Tuesday, July 10, 2007

Hypothetically Speaking...

We've blogged before about ethical conundrums and issues, and we've talked about how important it is to be truthful when applying for insurance.
And I believe fervently that doing the right thing is always the best choice.
One thing I would never do, for example, is encourage or condone any client misrepresenting facts when completing an insurance application. For one thing, in this age of EMR and other tech, it's just too darned easy to get "caught out," particularly when answering questions about one's own health.
Okay, Prof, so where's this heading?
Life insurance applications have always (or almost always) asked about family history: are your folks still alive? If not, when and how did they die? That kind of thing. Recently, at an online forum to which I occasionally contribute, a respected colleague discussed a recent case of his:
"So far, this person qualifies for Super Preferred. The kicker, his father passed away at age 57 of a heart attack. Now, many carriers have moved him from Super Preferred all the way down to Standard. However, there are still a few carriers that will offer Preferred and be much less expensive than the standard rates."
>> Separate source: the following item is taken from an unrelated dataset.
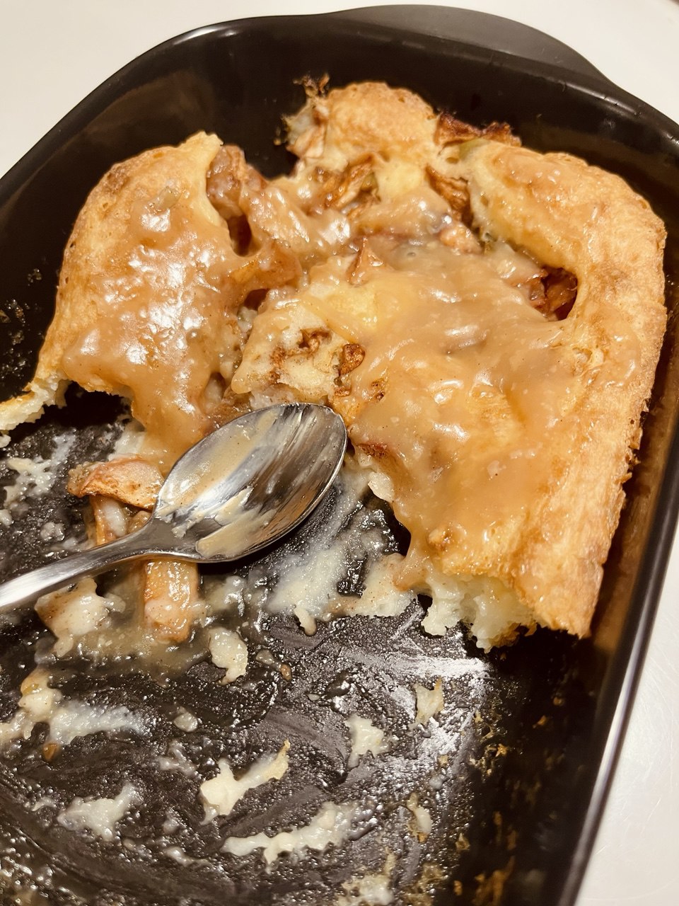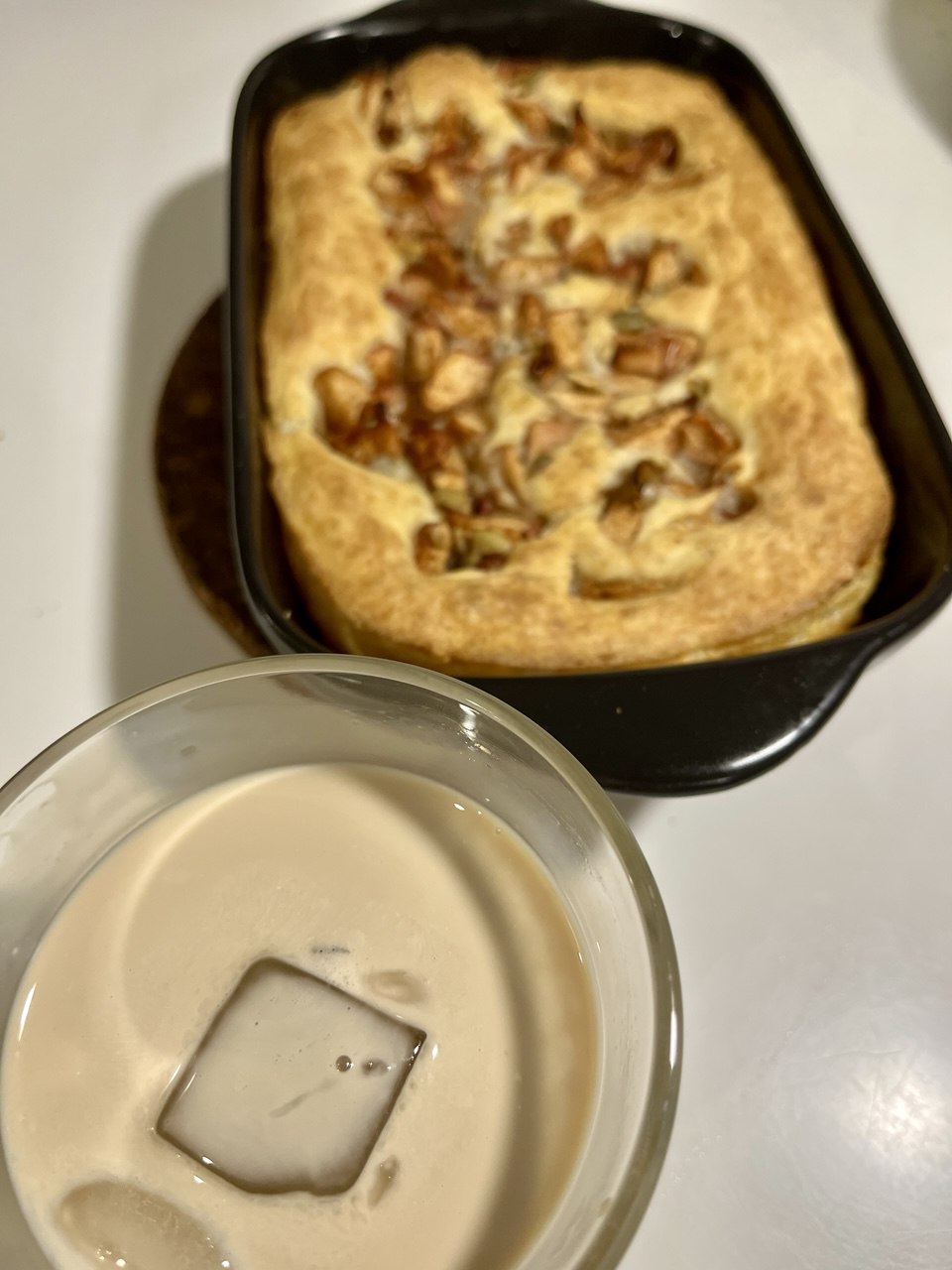 Достал форму (она горячая), влил тесто, сверху ± равномерно раскидал начинку (яблоко успело сок пустить) Ну и обратно в духовку на 40 минут, проверил зубочисткой - сухо, готово

I've known this, of course, but for some reason I started really considering the implications:
1) What if the client had been adopted? He'd have had no way of knowing, really, whether his father was even still alive, dropped dead of a heart attack at age 32, or whatever. Does that mean he could never get super preferrred rates from certain carriers?
2) How could a carrier ever really check this? It's not like they'd have access to his father's death certificate or medical records. What if he did lie ("Dad? Oh, he was killed in a train wreck at age 92")? How would an underwriter know?
My point isn't to suggest or condone lying on an application. Rather, it's to underscore the futility of even asking the question. Yes, it's relevant (to a point): if Dad died of a stroke at age 49, then that may indicate some genetic predisposition to heart problems.
Or not.
This is one of those "gray" areas that agents (and applicants) abhor, and which carriers might be well-advised to review (and revise).